Tech Company Patent Applications Threaten Inmate Privacy

Patents pursued by private tech companies are indicative of dangerous futures for the privacy of inmates and their families.

Patent applications from companies that provide communication services to prisons give an indication of where a company is looking to expand and hint at implementation ideas that could be very dangerous for inmates and their privacy, warns Beryl Lipton, an investigative researcher with the EFF Electronic Frontier Foundation, in an interview for Marketplace. Patent applications include ideas to incorporate ads on tablets that would be given to incarcerated people, augmented reality glasses that could monitor both prisoners and the guards who wear them, and systems to identify and disable drones suspected of bringing in contraband.

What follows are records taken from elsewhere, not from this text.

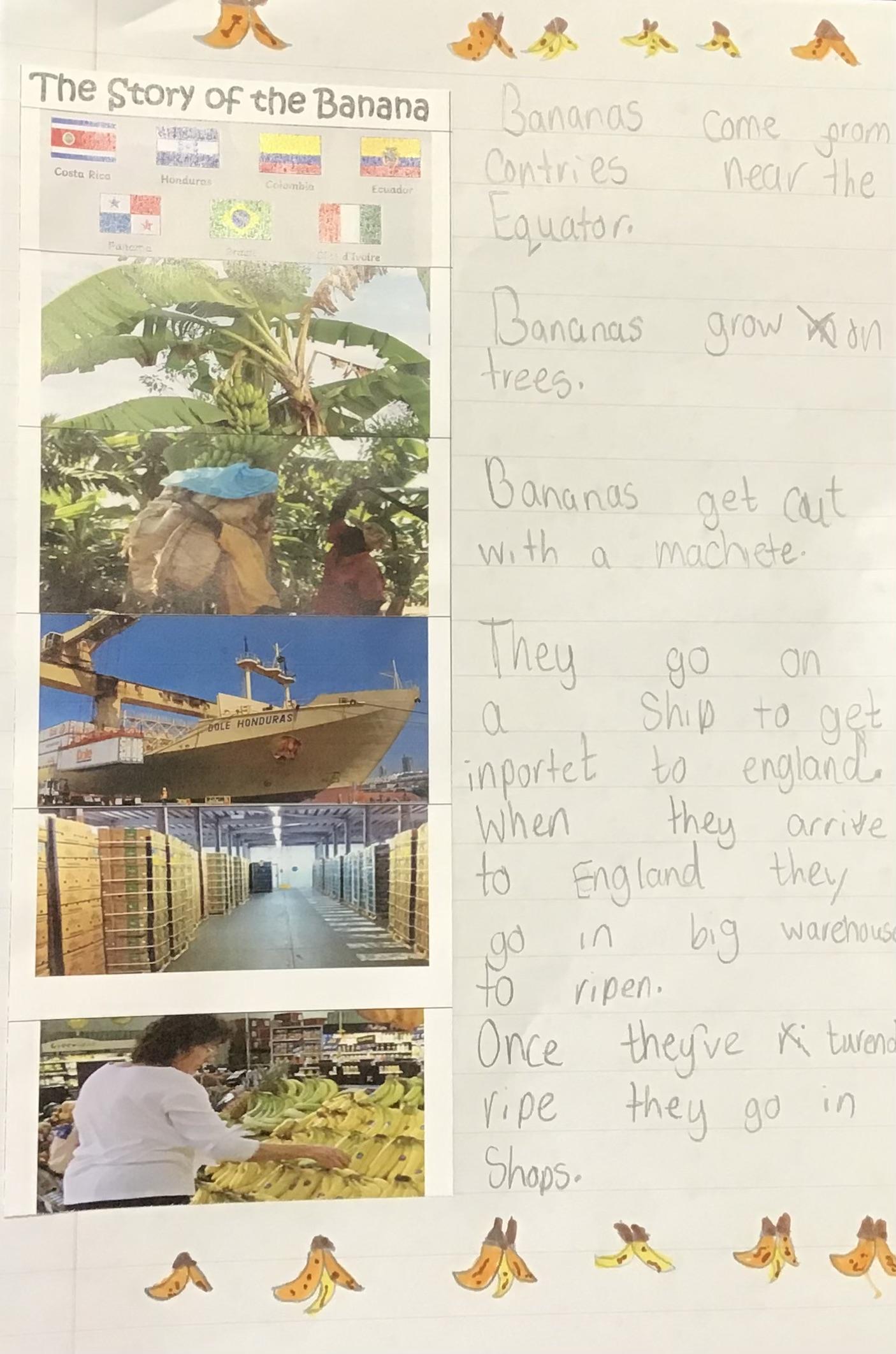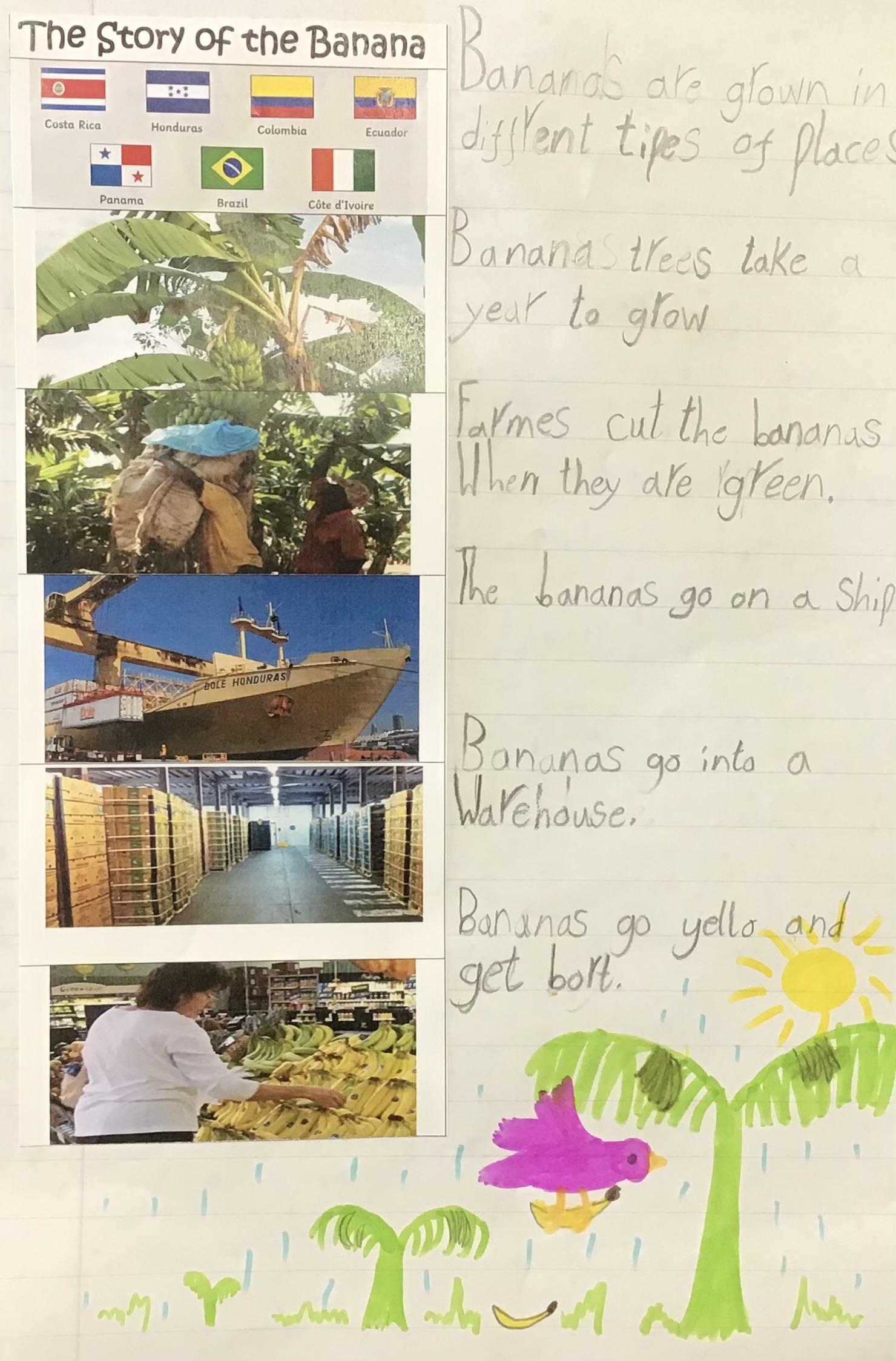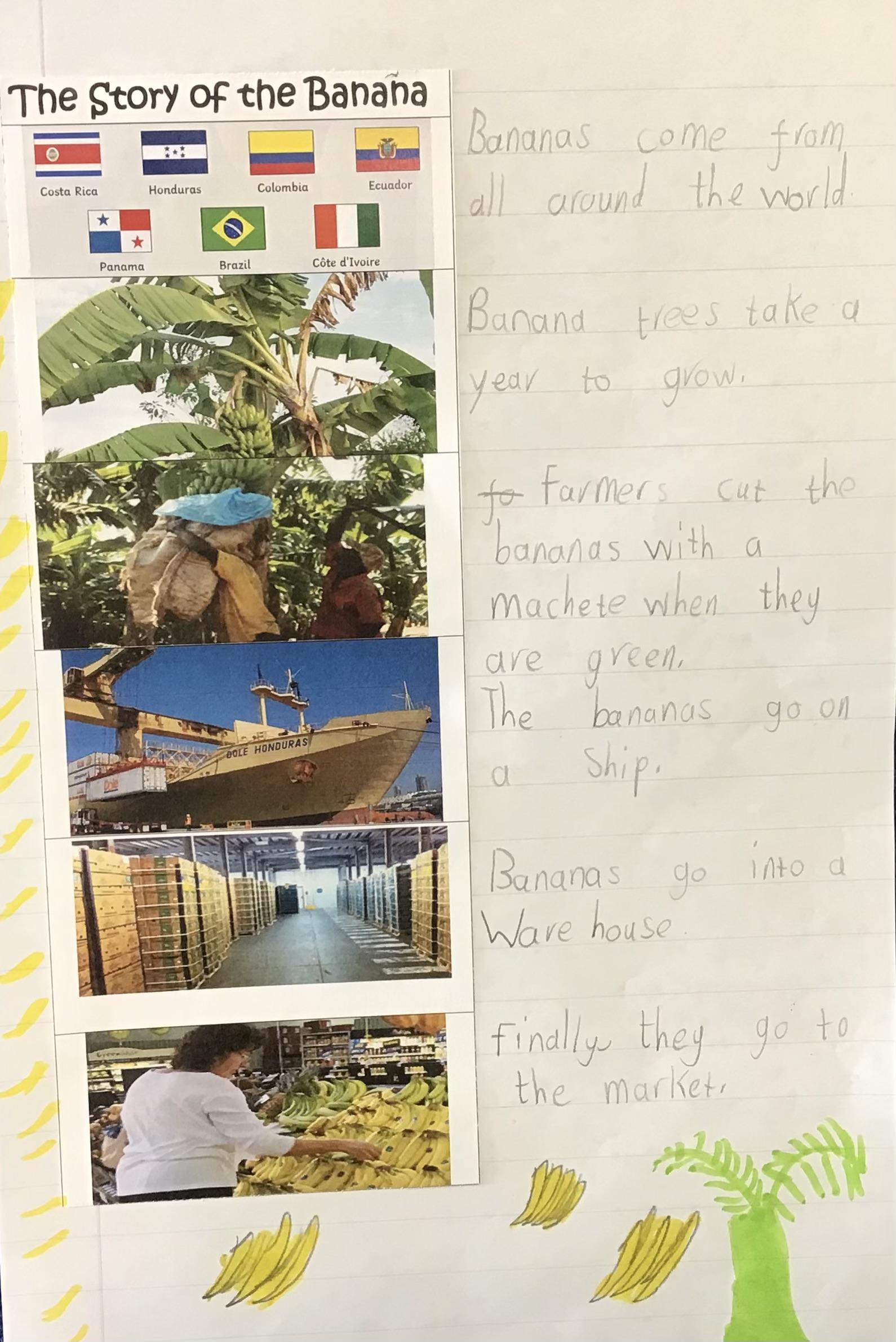 In our English we have been researching various animals that might be found on Grandad's Island all ready for writing our own non=chronological report next week. We also wrote a fact file on the story of how our bananas grow and travel to our shops: ready for our banana and choc chip muffins!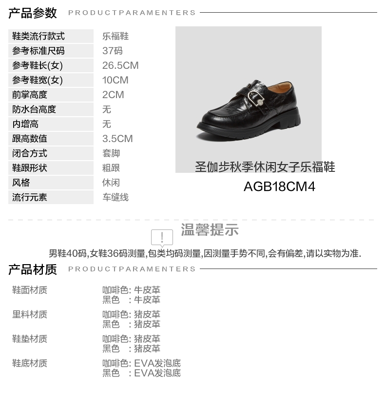| 配跟:无 | 上市时间:2024年秋季 | 鞋类流行款式:乐福鞋 | 鞋头款式:圆头 | 鞋面图案:纯色 |
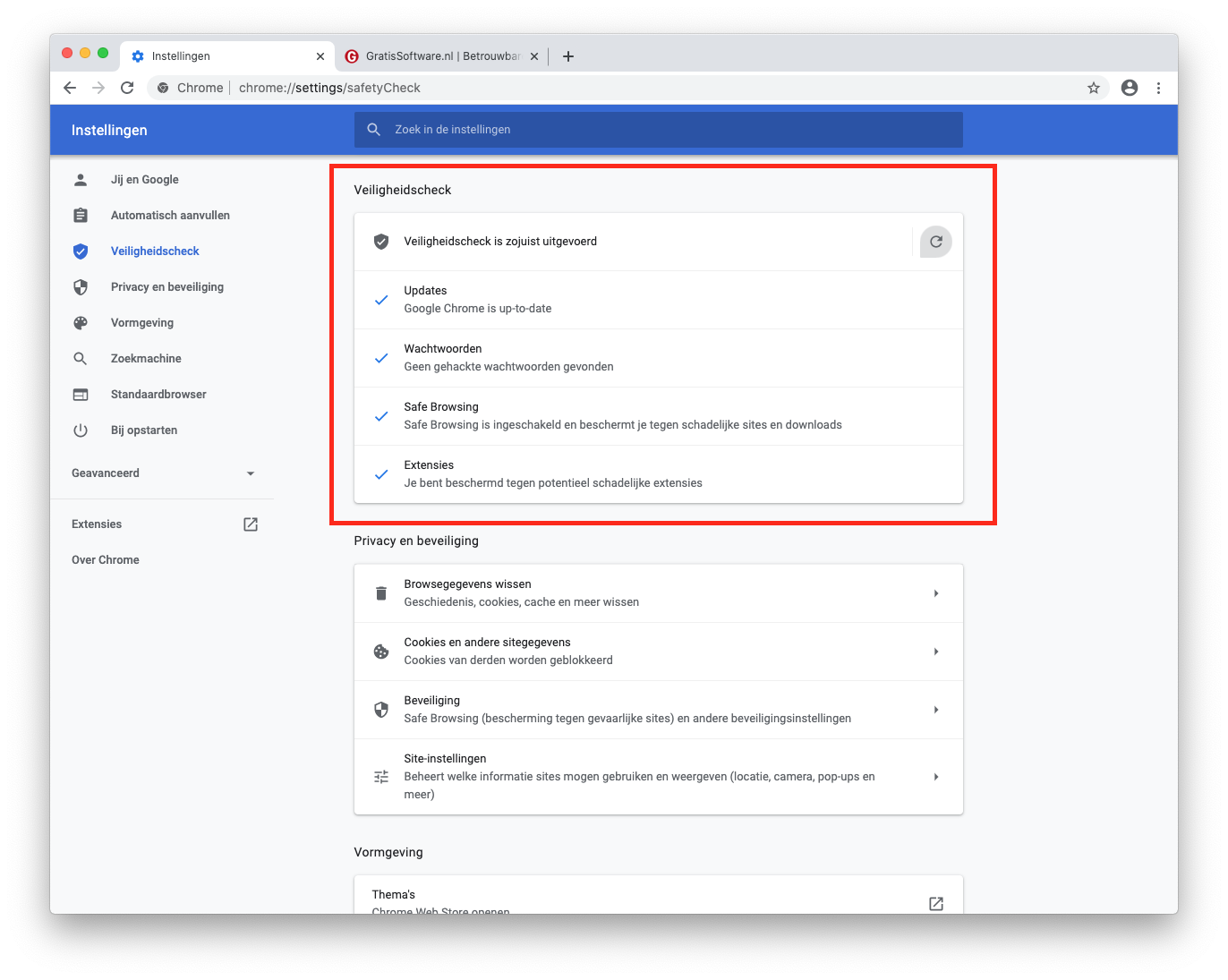 Nadat je op Nu controleren hebt geklikt gaat Chrome kijken of je browser up-to-date is, of je wachtwoorden ooit gehackt zijn, of safe browsing aanstaat en of je schadelijke extensies hebt gedownload:

However, Lipton says that some patents revealed a future where, in addition to the common practice of inmates having their voices captured and put indefinitely into a particular database for future data analysis, family and friends and others who call into the facility would also have their voices collected. In addition, advertising could be a revenue-generating scheme within the prison, where the average inmate who works makes less than $2 a day and can use a tablet to purchase movies, [get] access to email, access to video phone calls. Meanwhile, patents related to drone detection and elimination are concerning because they would rely on surveillance of the area outside of a prison, and also would enable the prison to essentially be able to conduct combat outside or inside of its walls in a way that, at the very least, deserves additional public scrutiny.